# [Pakistan] Which Debit/Credit Card you used for Online Application.



## rackspace (Dec 13, 2009)

I am about to launch my application online from Pakistan. 
I tried debit card of CitiBank, but it didnt work.

Can any one tell me which what card will work online?

And if some one has already used his card for payment and can use his card to make payment for me, please reply here.


----------



## AuspakDub (Jul 13, 2010)

rackspace said:


> I am about to launch my application online from Pakistan.
> I tried debit card of CitiBank, but it didnt work.
> 
> Can any one tell me which what card will work online?
> ...


you have to made payment for Assessment or Visa application???? If you are facing problem on using debit card for online payment, then call help line number mentioned on ur card and ask them to unblock the card for online payments. I used standard chartered debit card for payment.


----------



## rackspace (Dec 13, 2009)

Not for skill assessment.
I want to apply for visa online for which the fees are 2575 AUD.


----------



## rackspace (Dec 13, 2009)

ali_bajwa said:


> you have to made payment for Assessment or Visa application???? If you are facing problem on using debit card for online payment, then call help line number mentioned on ur card and ask them to unblock the card for online payments. I used standard chartered debit card for payment.


Did you use the card for skill assessment or visa application (which will be around 190000 PKR)
And are you sure you used the Debit Card of Standard Chartered Bank and not Credit Card?


----------



## anj1976 (Apr 24, 2008)

Every Debit card has a limit for transactions for security reasons. Most debit cards have the limit set to 25,000 INR (in India) and if you have a classic/platinum account it is 50,000 INR. This is how it is in INdia, i am sure it wont be any different in Pk. Call your bank helpline and ask them. if it wont work then ask a friend to lend his/her credit card. Pay them later


----------



## pkrish (Jul 3, 2008)

Can we use Debit Card like ATM CASh card (VISA or Master Card types) also for payment online for 176 application other than Credit Card??? 
anybody any idea???, please suggest.

I made a new Credit Card from ICICI Bk India with a limit that exceededs AUD 2575. But when I first time tried for the purpose it declined, so I querued call center, they said due to security reason it was not activated, but now they will activate within 24 hours. Thats I Thought alternative option for Debit cad payment. I hope Credit Card guys comes with activation soon.

Hi Anj, any idea?

Thanks


----------



## anj1976 (Apr 24, 2008)

hi pk

as i said, in India and i think in most countries, due to security reasons, debit card limit is very low. Credit cards have a limit fr some depending on what card you have and what is your past usage. I am sure the ICICI card will work.. In our case both My card and my husband's card had the limit so we had no problem. incase of those who do not have the limit, they can deposit the said amount with the respective bank and they do increase your limit for sometime.

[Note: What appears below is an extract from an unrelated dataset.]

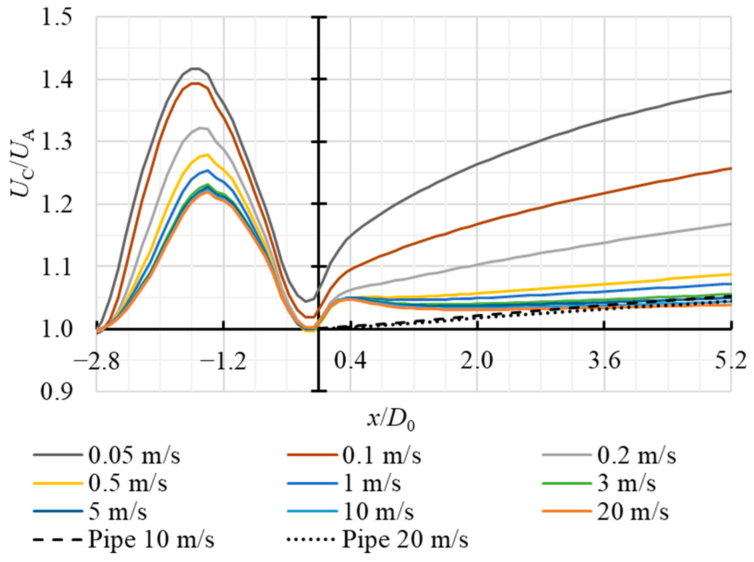 All nominal velocity cases show a similar distribution mechanism. The acceleration region is observed within the converging section, where the flow is compressed, and the velocity at the center increases. This velocity peak is observed in the x/D0 range from −1.4 to 1.6, which is caused by the combined effects of geometric contraction and the acceleration caused by the pressure gradient. Afterwards, the velocity rapidly decreases as the flow adjusts to the uniform diameter section of the pipe.

Check with your bank what your card limit is. I have a classic account and my limit is INR 50k for Shopping and 25k for cash which i have requested them tor educe as I do not need so much cash at one time. I'd rather be safe thn have such huge limits. Looking at the crime scene in India, i just don feel comfortable moving with a card with such limit


----------



## pkrish (Jul 3, 2008)

Hi
Finally payment done sucessfully...Yeah!!!!!!!!!!!
Hey Anj, ICICI card worked...

I got the TRN number screen page and also in this page, it shows links for other documents. (have taken printouts of related docs). One of them is Attach Document link. Should I have to continue with attaching the document initially or I neednot worry on the attach document link (also other links) as it can retrieved later from immi.gov.au entering the TRN number for attaching documents later. 

cheers


----------



## anj1976 (Apr 24, 2008)

u can attach documents now or in next 28 days.. suit yourself!


----------



## pkrish (Jul 3, 2008)

Thanks Anj, the links are again working...
Finally the 2 year old twist and turns of applying to DIAC came to end...now only the scanned document attachment work starts.

Cheers


----------